With all the dexterity the Glasgow-born singer-songwriter and cellist is known for, the result is an album of lambent surfaces and choppy riptides, a deeply personal record for today poised between hope and despair. “The album is about what we’re all in right now, and my response to that and my life as a microcosm within that,” says Campbell, before suggesting how exposing modern horrors might prove purgative. “I think there’s a quote from A Course In Miracles which says, ‘Love brings up everything unlike itself for the purpose of healing and release.’ Maybe these horrible things are coming up and out so we can get rid of them and things can be better.”
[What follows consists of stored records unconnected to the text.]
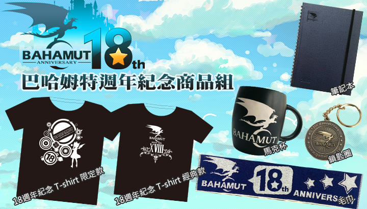 巴哈姆特 18 週年商品紀念組, 1 元巴幣起標,共有 5 組大全套,等你來得標帶回家。
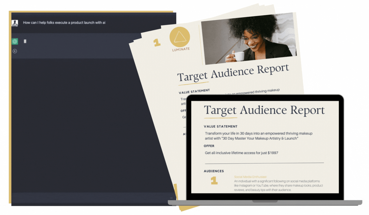 WHO WILL BUY: Identify multiple audiences who'd make great customers for your offer. Zero in on them so you can thoroughly understand who they are, why they make the decisions they do, and where they spend their time. Do all of it much more rapidly and much more thoroughly using AI.
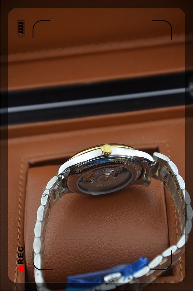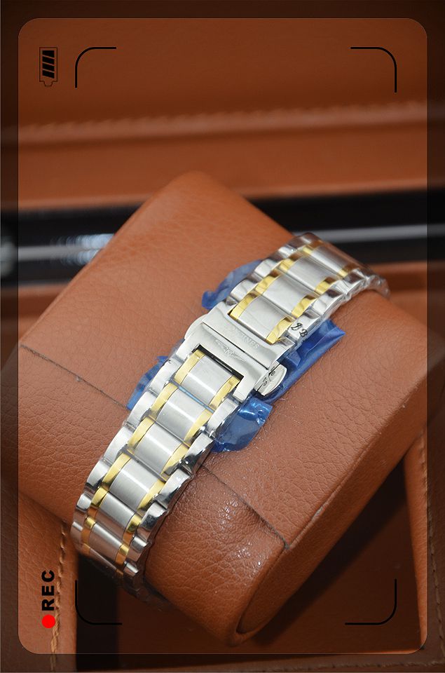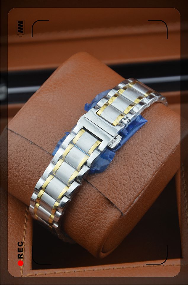 系列:軍旗款式:男錶機芯:自動機械機芯2824機芯型號:2824錶殼:不銹鋼尺寸:38mm厚度:10.6mm 重:110錶冠:普通錶底:透底錶鏡:藍寶石水晶玻璃錶盤:金色錶帶:不銹鋼錶帶顏色:漸金錶扣:蝴蝶扣防水:生活防水包裝:精美包裝盒、說明書、保修卡等功能:日期顯示 大三針推出年份:2009年
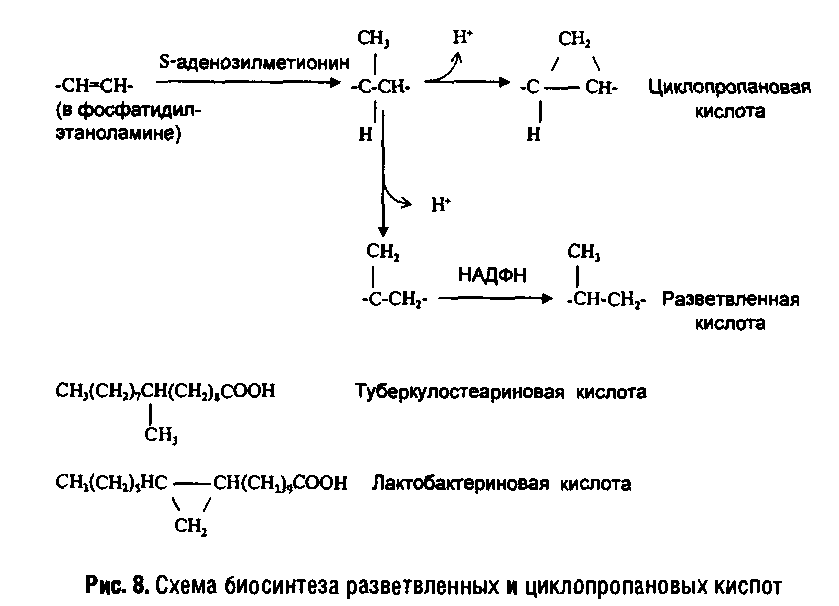 В мембранах прокариот разнообразие жирных кислот довольно велико. Особенностью бактерий является наличие разветвленных и циклопропановых кислот. У некоторых грамположительных бактерий (например, Micrococcus luteus) 90% жирных кислот липидов составляют разветвленные кислоты, а ненасыщенные кислоты практически отсутствуют. Грамотрицательные бактерии содержат смесь насыщенных и ненасыщенных кислот с преобладанием С-16 и С-18 кислот, а также циклопропановые кислоты (например, лактобацилловую кислоту). Пути их биосинтеза показаны на рис. 8.

Her radar keenly attuned to inequities, Campbell spotlights toxic masculinity on the luminous ‘Everything Falls Apart,’ it’s circling lilt and warm, fretless bass framing a call to unmask patriarchal power in readiness for “a brand new start”. “My elegy to the patriarchy” is how Campbell pitches it, noting how “even the words we use to insult a substandard man will often blame the woman – ‘son of a bitch’, ‘bastard’.” The spellbinding psych-folk of ‘Spider to the Fly’ and ‘Second Guessing’ add themes of “narcissistic abuse” and “repetition compulsion”, lending bite to the album’s take on relationships.

Some songs were first conceptualised in 2016, when Brexit and Trump exacerbated what Campbell describes as “real tension” amongst people. Between its gently jazzy shuffle and cushioning arrangement, the Yoda-esque ‘Do Or Die’ foregrounds fortitude in the face of gnawing anxieties. The rainy-day soul-pop of ‘Keep Calm Carry On’ also started in 2016, when Campbell was staying at her aunt’s flat in Yoker and her then-husband and collaborator Chris Szczech texted her from New York about the Brexit vote. “Chris was saying, ‘It looks like it’s going to happen’ but I was like, ‘No way.’ And actually – ‘way’. It did happen.”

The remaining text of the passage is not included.